Task item: Could you restate the data below word for word, without its pictures?

+++ Records supplied +++

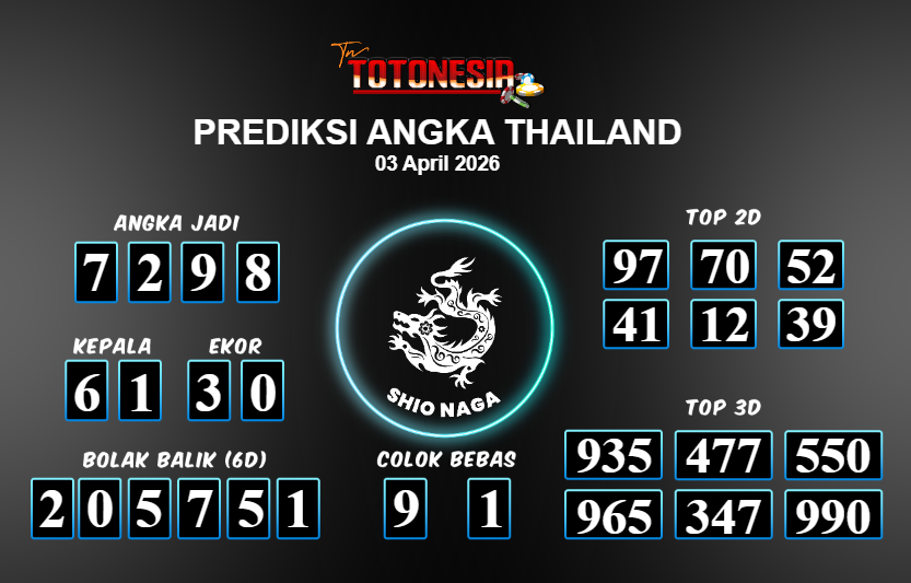Toto Nesia : Bocoran Prediksi Togel THAILAND Tanggal 03 APRIL 2026
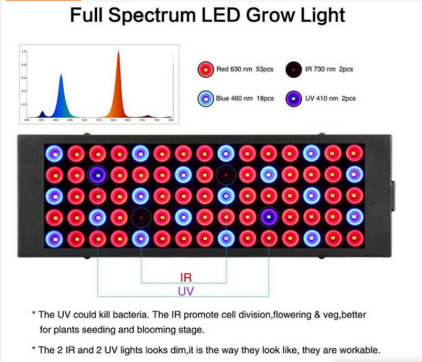75pcs SMD2835 53pcs Red 660nm+18pcs Blue 460nm +2pcs IR 730nm+2pcs UV 410nm LED Chip
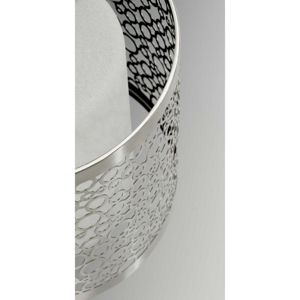 Concentric circular pattern in a Brushed Nickel metal shade.;Etched parchment glass.;Contemporary styling.;Dimmable to 10% with many ELV dimmers;1,211 lumens 71.2 lumens/watt per module (source);3000K color temperature, 90+ CRI.
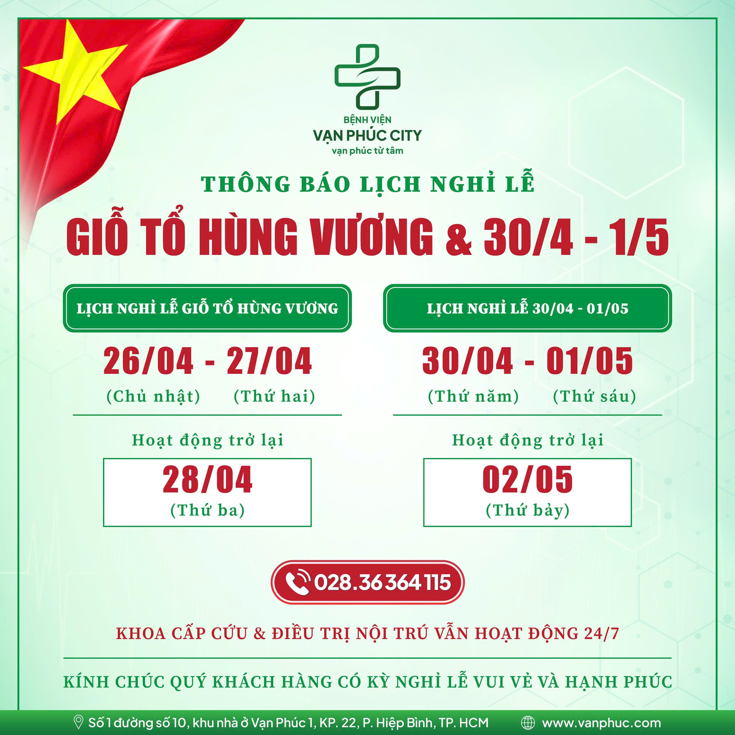 Bệnh viện Vạn Phúc City xin thông báo đến Quý khách hàng lịch hoạt động trong các kỳ nghỉ lễ sắp tới như sau:
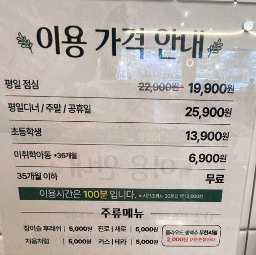 평일 점심에는 19,900원, 평일 디너 및 주말 공휴일에는 25,900원에 샤브샤브와 월남쌈을 100분간 무제한으로 즐길 수 있습니다. 초등학생은 13,900원, 미취학 아동은 6,900원, 35개월 이하는 무료입니다. 주류로는 소주, 맥주가 있고 클라우드 생맥주 무한리필도 2천원에 가능합니다.
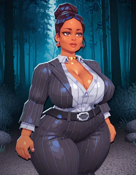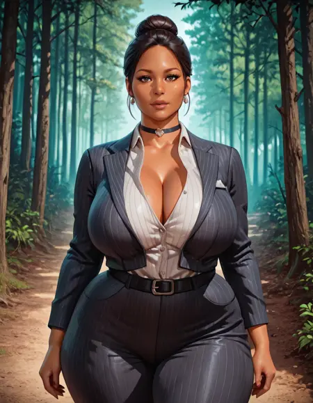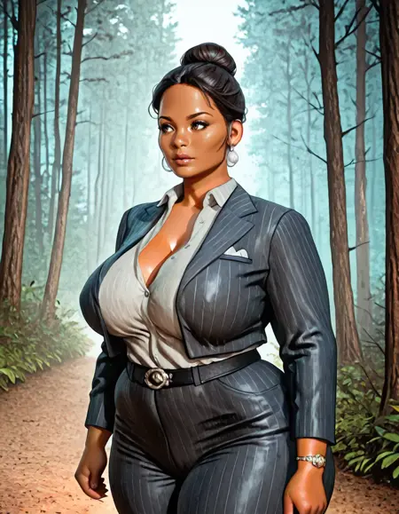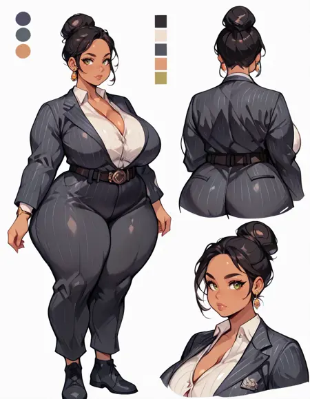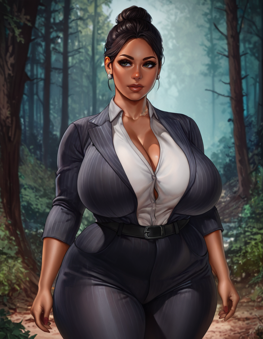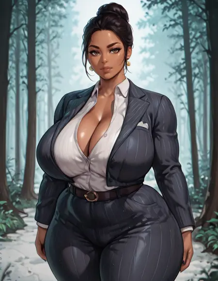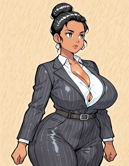 1girl, single hair bun, hair bun, solo, jewelry, formal, suit, belt, pants, pinstripe pattern, curvy, shirt, cleavage, striped, earrings, thick thighs, dark skin, jane romero,
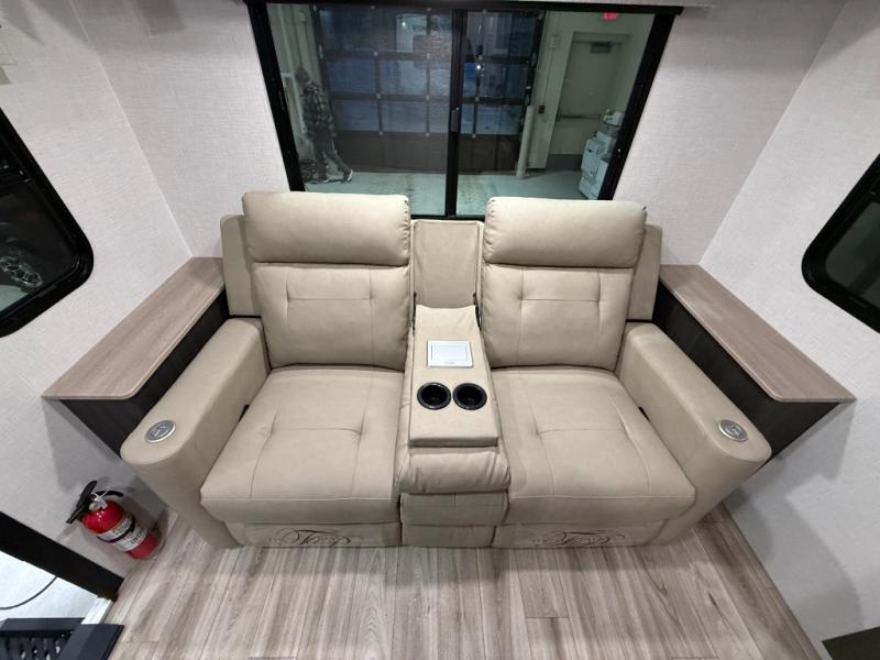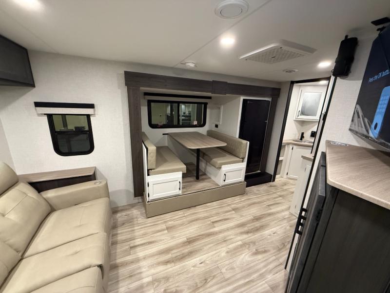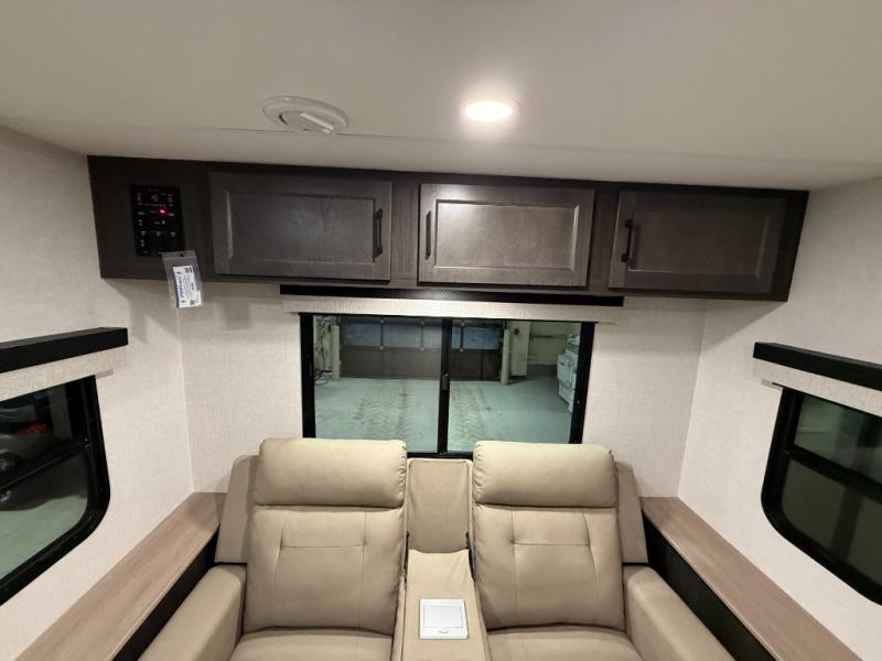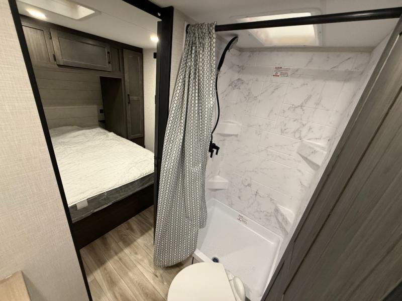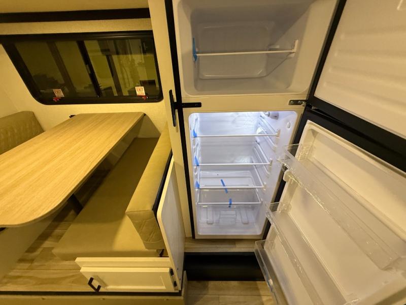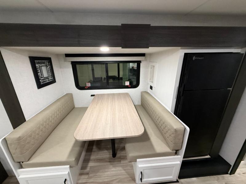 This trailer offers a smart and comfortable layout designed for relaxation and convenience. At the front, the private bedroom features a 60" x 75" bed for a restful night’s sleep, with wardrobes on each side for clothing storage and an overhead cabinet for added space. Moving down the hall, the pass-through bathroom includes a spacious 30" x 36" shower and a linen shelf to keep toiletries organized. Toward the rear, the living and kitchen area opens up with a slide-out that houses a 64" x 46" Sit N Slide dinette, perfect for dining, playing board games, or converting into extra sleeping space at night. Nearby, the 8 cu. ft. refrigerator provides ample room for groceries and drinks. Across from the dinette, the L-shaped kitchen offers generous counter space, a three-burner cooktop, a microwave, and plenty of overhead cabinets for storage. At the rear, there is also the option to add theater seating, creating a comfortable spot to relax and enjoy your downtime.

+++

Answer section:
Toto Nesia : Bocoran Prediksi Togel THAILAND Tanggal 03 APRIL 2026
75pcs SMD2835 53pcs Red 660nm+18pcs Blue 460nm +2pcs IR 730nm+2pcs UV 410nm LED Chip
 Concentric circular pattern in a Brushed Nickel metal shade.;Etched parchment glass.;Contemporary styling.;Dimmable to 10% with many ELV dimmers;1,211 lumens 71.2 lumens/watt per module (source);3000K color temperature, 90+ CRI.
 Bệnh viện Vạn Phúc City xin thông báo đến Quý khách hàng lịch hoạt động trong các kỳ nghỉ lễ sắp tới như sau:
 평일 점심에는 19,900원, 평일 디너 및 주말 공휴일에는 25,900원에 샤브샤브와 월남쌈을 100분간 무제한으로 즐길 수 있습니다. 초등학생은 13,900원, 미취학 아동은 6,900원, 35개월 이하는 무료입니다. 주류로는 소주, 맥주가 있고 클라우드 생맥주 무한리필도 2천원에 가능합니다.
 1girl, single hair bun, hair bun, solo, jewelry, formal, suit, belt, pants, pinstripe pattern, curvy, shirt, cleavage, striped, earrings, thick thighs, dark skin, jane romero,
 This trailer offers a smart and comfortable layout designed for relaxation and convenience. At the front, the private bedroom features a 60" x 75" bed for a restful night’s sleep, with wardrobes on each side for clothing storage and an overhead cabinet for added space. Moving down the hall, the pass-through bathroom includes a spacious 30" x 36" shower and a linen shelf to keep toiletries organized. Toward the rear, the living and kitchen area opens up with a slide-out that houses a 64" x 46" Sit N Slide dinette, perfect for dining, playing board games, or converting into extra sleeping space at night. Nearby, the 8 cu. ft. refrigerator provides ample room for groceries and drinks. Across from the dinette, the L-shaped kitchen offers generous counter space, a three-burner cooktop, a microwave, and plenty of overhead cabinets for storage. At the rear, there is also the option to add theater seating, creating a comfortable spot to relax and enjoy your downtime.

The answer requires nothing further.